We know that there is a vast difference between teaching justice and making it evident. The constitutions of the most corrupt governments insist on justice. How did God make His justice and righteousness evident at Sinai? Was His justice not manifest when He punished the Egyptians, especially when He drowned them in the sea? Was His righteousness not evident when He provided water from Miriam’s Well, and fed each person according to his need? What was more clear about God’s justice and righteousness at Sinai?

“God said to Moshe, ‘Ascend to Me to the mountain.” “Moshe ascended the mountain, and the cloud covered the mountain.” At this point of Sinai, God was to be “found” above the mountain, in the heavens, distant, in another world.

Something changed after Moshe ascended the mountain: “The glory of God rested upon Mount Sinai.” God came down to the mountain, to Moshe, to the people. God’s justice and righteousness was not fully evident until He showed the people that He was immediately present in their lives. He would descend to meet those willing to ascend. God does not live in the distant heavens, above the mountain demanding that we ascend all the way up to Him; He meets us as we ascend.

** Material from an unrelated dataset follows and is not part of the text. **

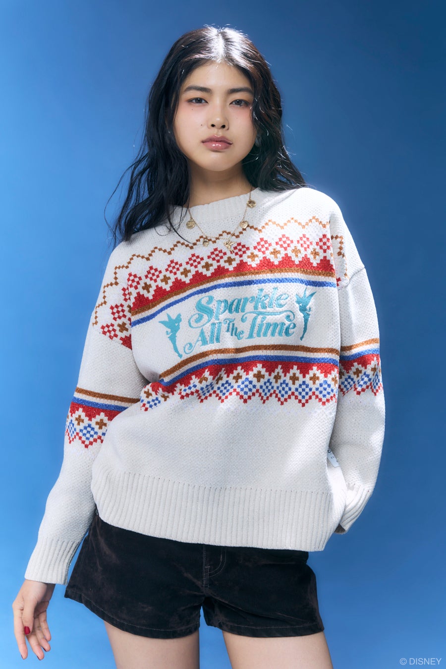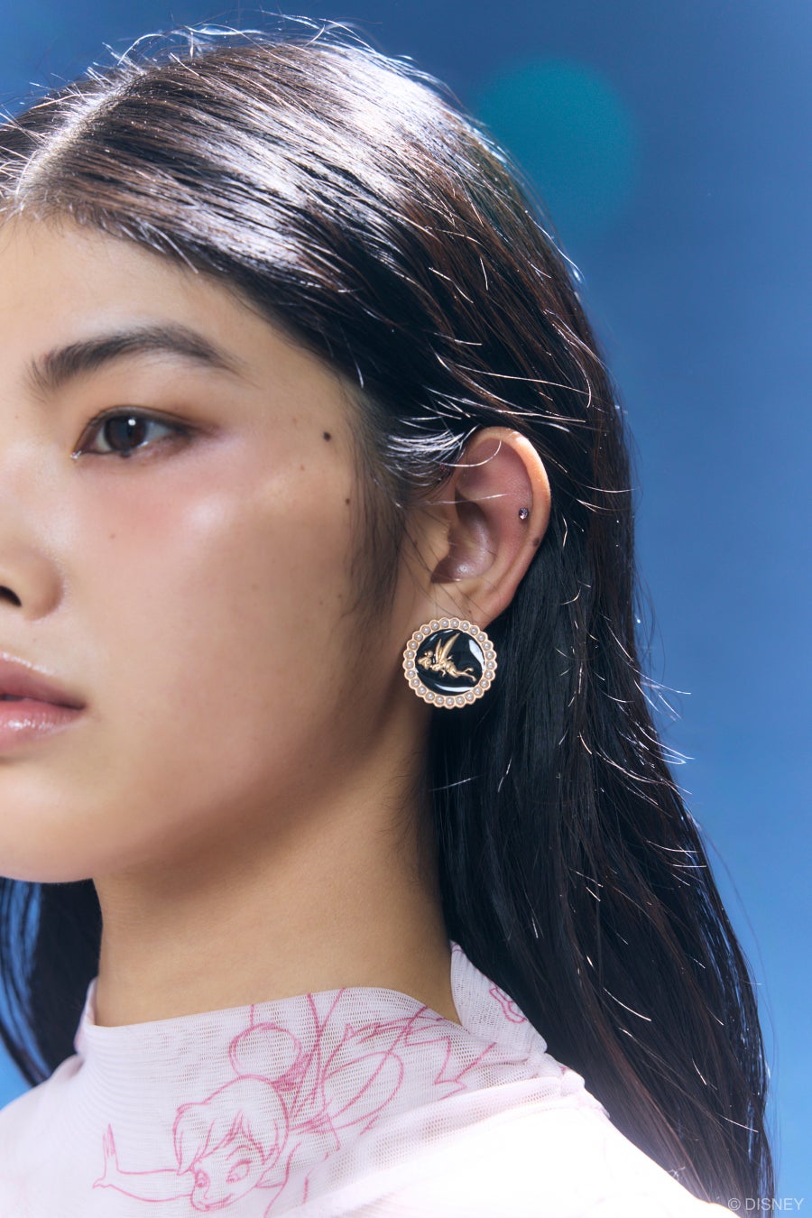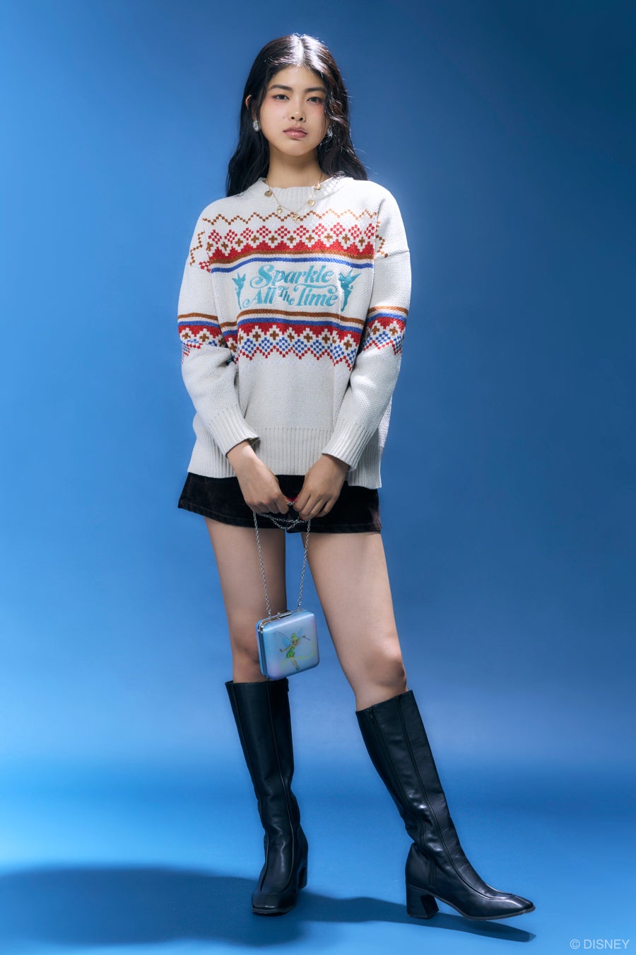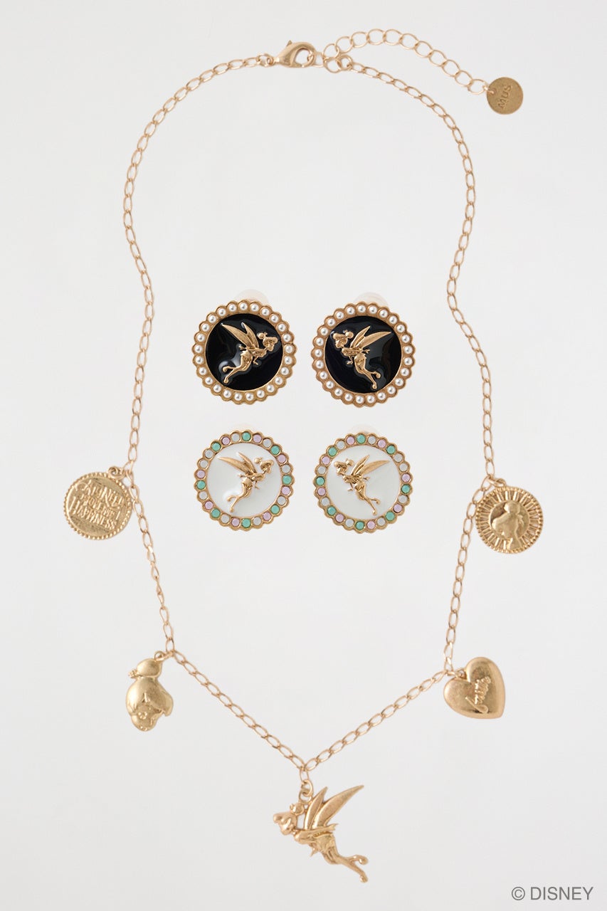 アクセサリー類には光沢感のある素材にシンプルなデザインのチェーンクラッチバッグ、パールやビーズを贅沢にあしらったイヤリング、ティンカー・ベルの様々なモチーフが連なるネックレスなど、細部にまでアイデアとこだわりを凝縮しています。

God is not the Ruler Who lives removed from the people, at a distance. He is immediately present. It is there where we meet Him and He meets us. His laws are not demands only open to those willing to climb up to the heavens. His laws are the meeting point between heaven and earth. They are the basis of a relationship. They are as much an expression of His commitment to us as they are of our obligation to Him. It is only at that meeting point where we can fully experience and appreciate His justice and righteousness.